To understand exactly how you will be impacted, you will need to work through a projection with a tax professional. Until you do, here is a summary of some of the key home-related changes.
Mortgage interest remains deductible for most homeowners. The deduction is available on acquisition indebtedness – debt incurred in acquiring, constructing, or substantially improving a qualified residence – that does not exceed a total of $750,000. The previous cap on total mortgage debt of $1 million remains in effect for existing mortgage holders.
Property, state income, and local taxes, which had been deductible on your federal return, are now limited to $10,000. This is especially significant for individuals living in states with high income taxes and those in areas with high property taxes.
Interest on home equity lines of credit, may no longer be tax deductible. This takes effect for tax years beginning after December 31, 2017, and the suspension remains in effect until 2025.

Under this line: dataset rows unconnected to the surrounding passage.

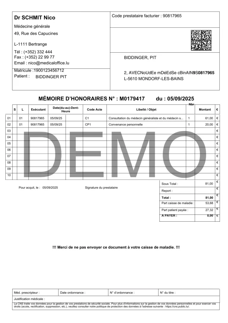 Medical Office est un logiciel de gestion de cabinet médical, conçu pour les médecins et professionnels de santé, conforme aux exigences du système de santé luxembourgeois.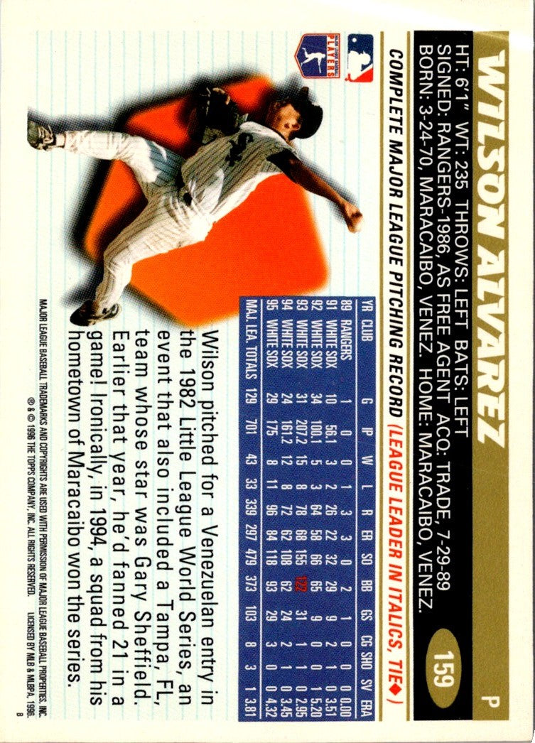 This 1996 Topps Wilson Alvarez #159 is a must-have card for any Chicago White Sox fan! With a full-color portrait of the pitcher in his White Sox uniform, this card is the perfect addition to any collection. It features detailed stats and records from his career, making it a great way to show your appreciation for the talented player. This card is a great way to commemorate the 1996 season and a must-have for your collection!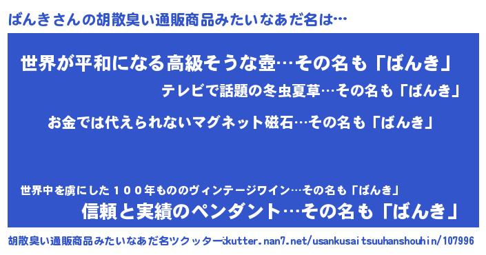 | ヒーロー風カッコイイあだ名 | 『愛の使者ばんき』『ウルトラばんきマン』 |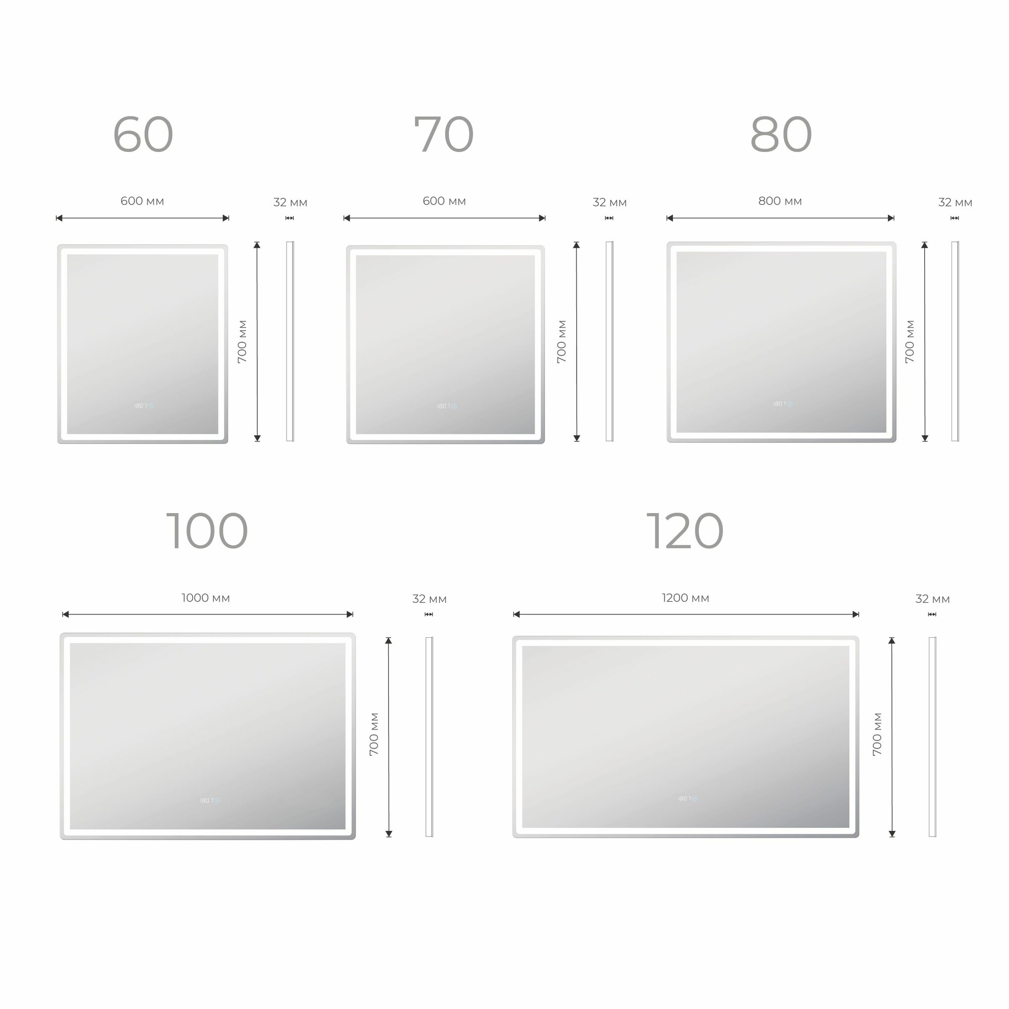 Зеркало настенное для ванной КерамаМане 70*100 см с холодной подсветкой 6000 К с сенсорной кнопкой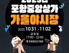 - 포항시는 오는 10월 31일부터 11월 2일까지 3일간 중앙상가 거리 일원에서 ‘2025 포항 중앙상가 가을 야시장’을 개최한다. 지난 여름 7주간 운영된 ‘2025 중앙상가 여름 야시장’의 시민들의 뜨거운 호응 속 지속적 요청에 힘입어, 중앙상가 …

Offsetting the elimination of these deductions is a jump in the standard deduction. For 2018, the standard deduction will rise to $12,000 for individual filers and $24,000 for those who are married and filing jointly. For many households, this boost could more than offset the loss in their itemized deductions and lower their overall federal tax bill, even after their home-related deductions disappear.
But What About Those HELOCs?
Homeowners with home equity-based debt may want to meet with their Loan Officers, as soon as possible. With the Federal Reserve expected to raise the level of interest rates three times this coming year and most HELOCs priced to move up with them, the attractiveness of this type of loan would have diminished even without TCJA. Now without the deduction, HELOCs are likely to be even more expensive to use versus other alternatives.
Chief among the alternatives is a cash out refinance. With long-term mortgage rates still low, this type of borrowing enables HELOC users to retire their home equity loan product and combine the outstanding balance into a larger mortgage. Assuming the new mortgage does not exceed the $750,000 threshold, the interest paid would then qualify for the deduction for those still planning to itemize.
Given the degree to which the standard deduction rose, after meeting with your Loan Officer you should also discuss your circumstances with your tax professional to determine what course of action will lead to the best after-tax outcome for you.